In the fall of 1944, [Earl] Warren got a serious kidney infection. This set him thinking about the rising costs of medical care, and the catastrophic effects that sudden illness could have on a family less well provided for than his own. “I came to the conclusion that the only way to remedy this situation was to spread the cost through insurance,” he wrote in his memoirs.

He asked his staff to develop a proposal. “We concluded that health insurance should be collected through the Social Security System. After some studies, it was determined that the employers and employees in that system should each contribute one and one half per cent of wages paid by or to them.” After conferring with the California Medical Association, he anticipated no objections from doctors. And so, in January of 1945, during his State of the State address, he announced his proposal for comprehensive, compulsory health insurance for the state of California.

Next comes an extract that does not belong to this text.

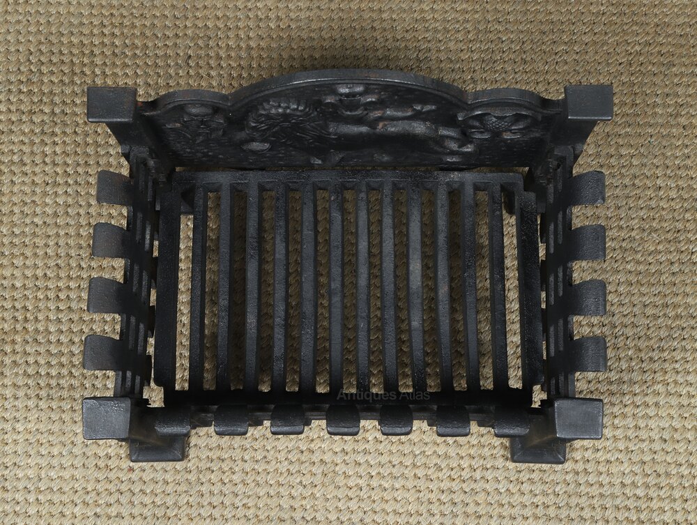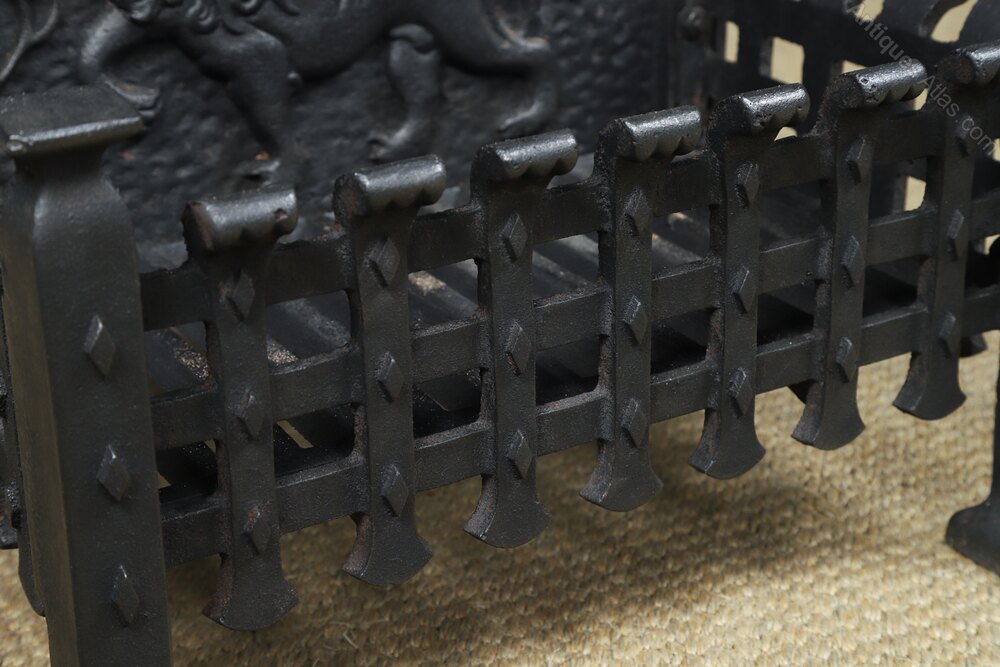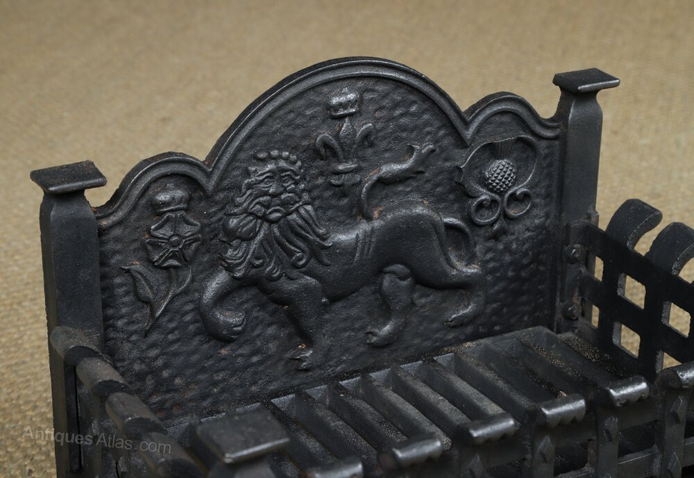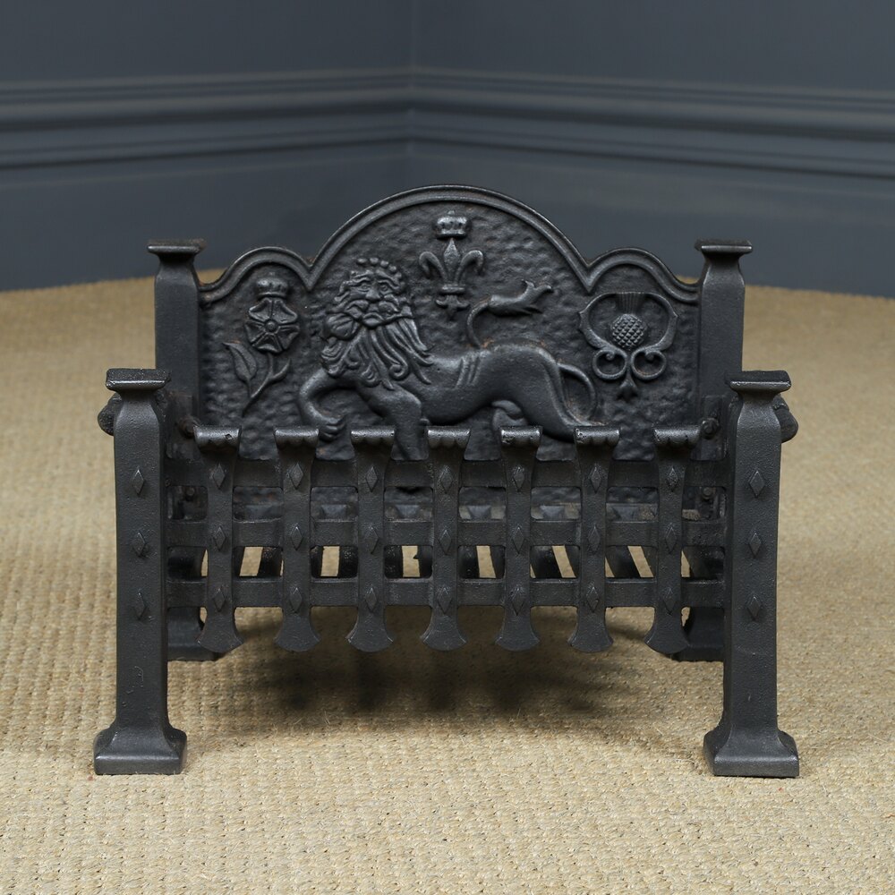 ConditionThis is a fine quality small English 19th century style neo-Gothic fire grate, embossed with an English lion, flanked by a Tudor rose and Scottish thistle, made from solid cast iron, circa 1920, in excellent original condition. The item is solid in joint and is robust. Nominal old use marks, but nothing significant considering the age of the item. There are no breaks to the cast iron. The internal grate floor is in good working condition. The grate features an attractive rustic finish, giving it a lovely colour and appearance. This log basket is reassuringly solid and heavy, and it is ready to use.

Earl Warren began his political career as a conservative and ended it as one of the most hated liberals in American history. What happened to him? One answer is: Whitaker and Baxter.

Retained by the California Medical Association for an annual fee of twenty-five thousand dollars to campaign against the Governor’s plan, Whitaker and Baxter took a piece of legislation that most people liked and taught them to hate it. “You can’t beat something with nothing,” they liked to say.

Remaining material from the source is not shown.